Collection entries
'''
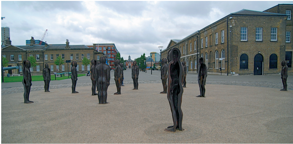
Fot. 1. Arsenał królewski w Londynie. Rzeźba na głównej osi urbanistycznej, autorstwa Petera Burke'a pt. Zgromadzenie. W tle widoczny budynek odlewni mosiądzu – najcenniejszy zabytek w zespole (Fot. Renata Józwick, 2015 r.)

nie jest czytelne poprzez wprowadzone zmiany w strukturze urbanistycznej. Fot. 3. Jest to zgodne z obecnymi tendencjami i liberalizacją postępowania wobec obiektów historycznych, czego dowodem są zapisy Rekomendacji UNESCO promujące kompromisowe rozwiązania. Znamienne jest także brak przez blisko 30 lat ustaleń konserwatorskich dla omawianego obszaru. Studium przypadku arsenału królewskiego w Londynie pokazuje wagę kontekstu dla ochrony historycznego zespołu oraz to, że czasami poprawne, lecz ogólne zapisy prawne nie gwarantują pełnej ochrony.
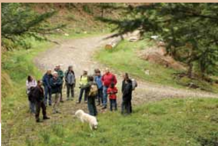
Une sortie du conseil municipal
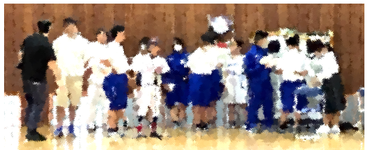
部活動激励会 進行と運営を任された1年生有志
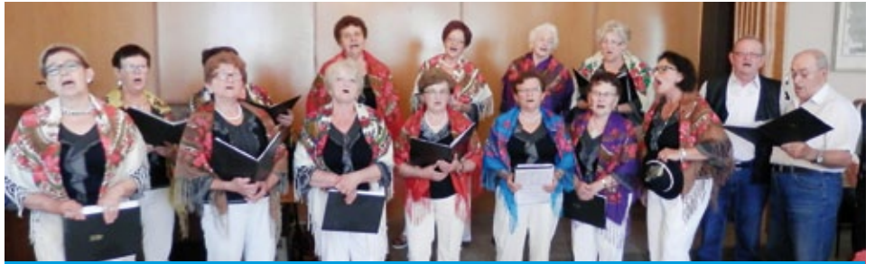
Zespół Kalina z występem w Boguminiu-Skrzeczoniu
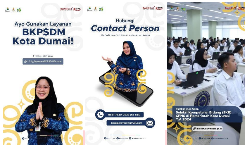
Gambar 4 Instagram Story
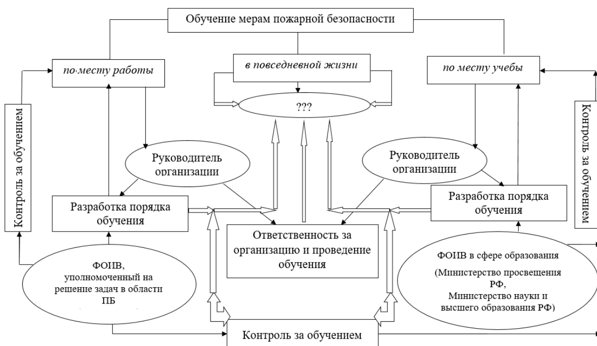
Рис. 3. Организация обучения населения Российской Федерации мерам пожарной безопасности (составлено авторами)

В Российской Федерации за организацию и проведение обучения мерам пожарной безопасности лиц, осуществляющих трудовую или служебную деятельность в организациях, и за обязательное обучение обучающихся в образовательных организациях несут ответственность руководители соответствующих организаций и образовательных организаций (ст. 38, 39 ФЗ № 69-ФЗ), и проведение такого обучения контролируется государством в лице Федерального государственного пожарного надзора МЧС России (рис. 3).
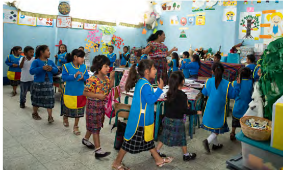
Le changement pédagogique se remarque aussi dans l'utilisation de l'espace : les pupitres sont disposés de façon à pouvoir circuler autour.
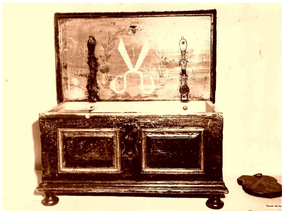
Fig. 4. Lada și tabla breslei croitorilor la începutul anilor '60

Numeroase artefacte cu valoare documentară deosebită pentru trecutul orașului au intrat în colecția de Istorie-etnografie, iar un partener important a fost Parohia Evanghelică, care, cu acordul Consistoriului Superior, a donat muzeului bunuri, unele cu o valoare excepțională, amintind în special sabia de călău a orașului, un artefact care, în foarte scurt timp, a devenit de referință în expoziția de bază. În afară de această piesă, au fost donate și altele, cu funcțiuni militare în trecut, precum o archebuză și o sabie de cavalerie. La acestea se adaugă bunuri care contribuiau la o mai bună ilustrare a istoriei economice a orașului, amintind, în special, tabla și lada breslei croitorilor, prima datând din 1717, iar a doua din 1786. Alte bunuri, de data aceasta monumente litice, s-au adăugat celor deja existente, conturându-se posibilitatea constituirii unui lapidariu. Este vorba despre o coloană votivă romană din marmură, un altar, o lespede cu un blazon și o stemă a Sebeșului, datând din anul 1765, care provenea de pe fațada principală a sediului Magistratului orașului, edificiu demolat în anul 1880.
'''
*TASK TO COMPLETE*. With the line holding "Рис. 3. Организация" as the first and the line holding "В Российской Федерации" as the last, set down that range of the entries above exactly, and nothing else.

*REPLY TO THE EXERCISE*.
Рис. 3. Организация обучения населения Российской Федерации мерам пожарной безопасности (составлено авторами)

В Российской Федерации за организацию и проведение обучения мерам пожарной безопасности лиц, осуществляющих трудовую или служебную деятельность в организациях, и за обязательное обучение обучающихся в образовательных организациях несут ответственность руководители соответствующих организаций и образовательных организаций (ст. 38, 39 ФЗ № 69-ФЗ), и проведение такого обучения контролируется государством в лице Федерального государственного пожарного надзора МЧС России (рис. 3).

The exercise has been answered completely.